Highly Personalized Immunotherapy Could be a Game Changer Against Ovarian Cancer

According to a story from Innovation Toronto, a recent study has helped develop methods that could be used to create cell-based, personalized immunotherapy treatments that could be used to treat ovarian cancer and potentially other types of tumors as well. Personalized therapy methods allow for the most optimum treatment profile to be delivered to the patient, because it is precisely customized to suit the circumstances of the individual case and account for the overall medical condition of the patient.
Ovarian cancer is just one of many cancer types that, while often not responding strongly to currently available immunotherapies, could be much more vulnerable to personalized immunotherapy. This type of cancer generally has quite poor survival rates. This is due to the fact that ovarian cancer does not cause many symptoms in its early stages. By the time symptoms appear, the disease has often metastasized and reached and advanced stage. The cancer can be very difficult to suppress once it has started to spread. Ovarian cancer is also known for its ability to relapse. Over time, the cancer can develop treatment resistance. To learn more about ovarian cancer, click here.

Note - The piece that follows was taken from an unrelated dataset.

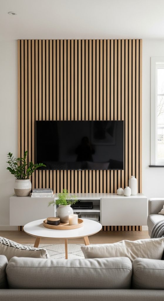 Use light oak for a bright feel or darker walnut tones for drama. Wooden slat walls are especially popular behind TV units or as bedroom headboard backgrounds.
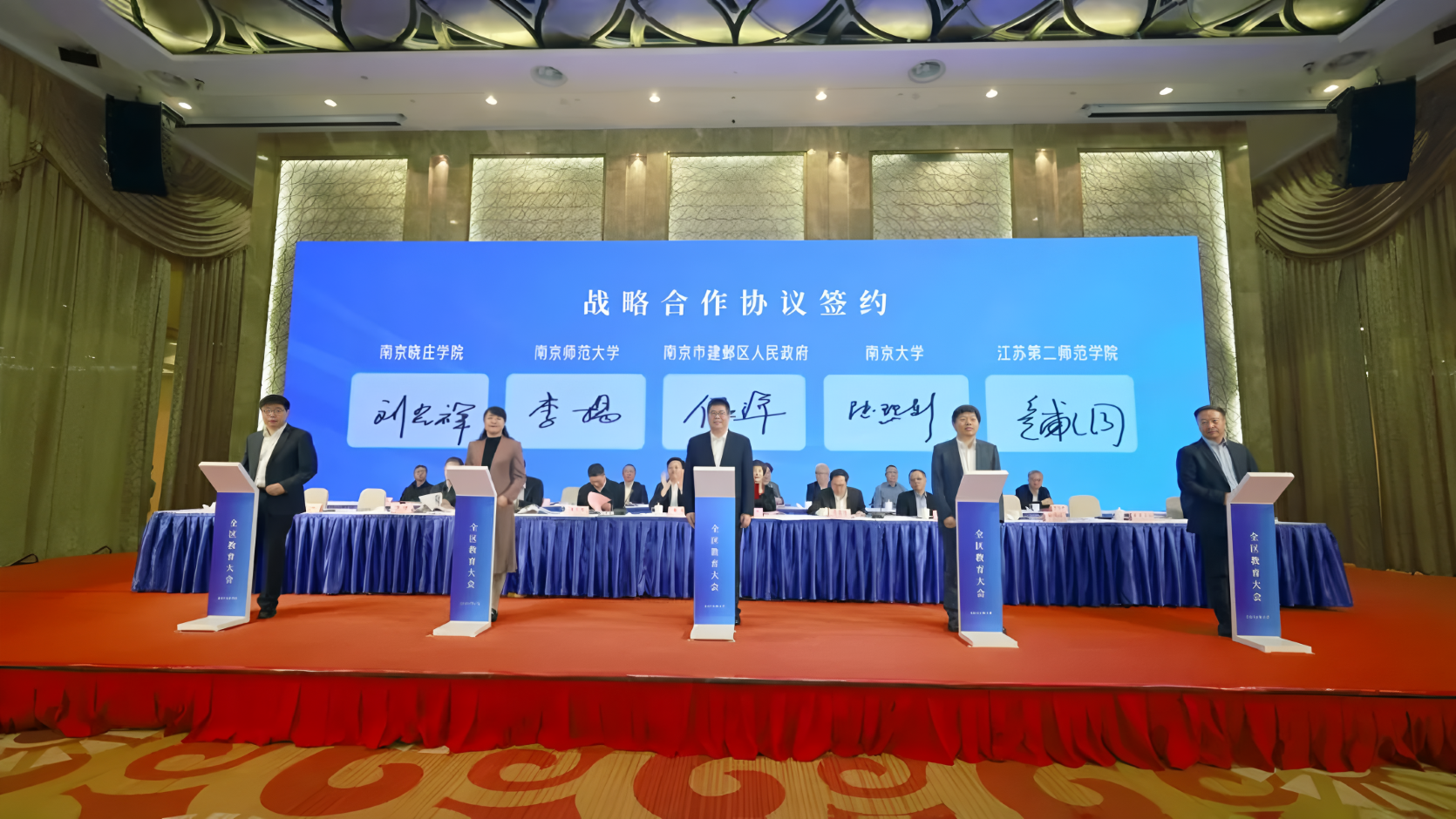 建邺区教育大会提出了2027年率先建成现代化教育强区的奋斗目标,出台了“1+2”重要文件,启动实施了八大工程。作为贯通培养拔尖创新人才、推动基础教育提质升级的关键举措,建邺区在会上与包括我校在内的四所高校签署战略合作协议,以期进一步发挥校地协同作用,共同打造“邺城优学”闪亮名片。

In the study, the scientists realized that epithelial ovarian cancer tumors tended to carry a significant population of immune system T cells, which are adept at killing cancer cells. Researchers are working on finding a way to extract and grow the T cells in order to develop immunotherapies. Killer T cells are able to recognize cancer cells from normal cells, but the protein that they use in order to identify cancer varies from person to person. The ultimate goal is to attempt to extract the patient’s own T cells and then inject them back into the patient after replicating the cells that are determined to be the most effective at killing cancer.

However, this method typically just uses T cells from the patient’s blood, not the ones that are inside the tumor. Generally, this method has found little success in treating solid cancer tumors. The T cells from inside the tumor are better at destroying cancer cells that the ones from the blood. Researchers hope to begin testing treatments using T cells from the tumors soon.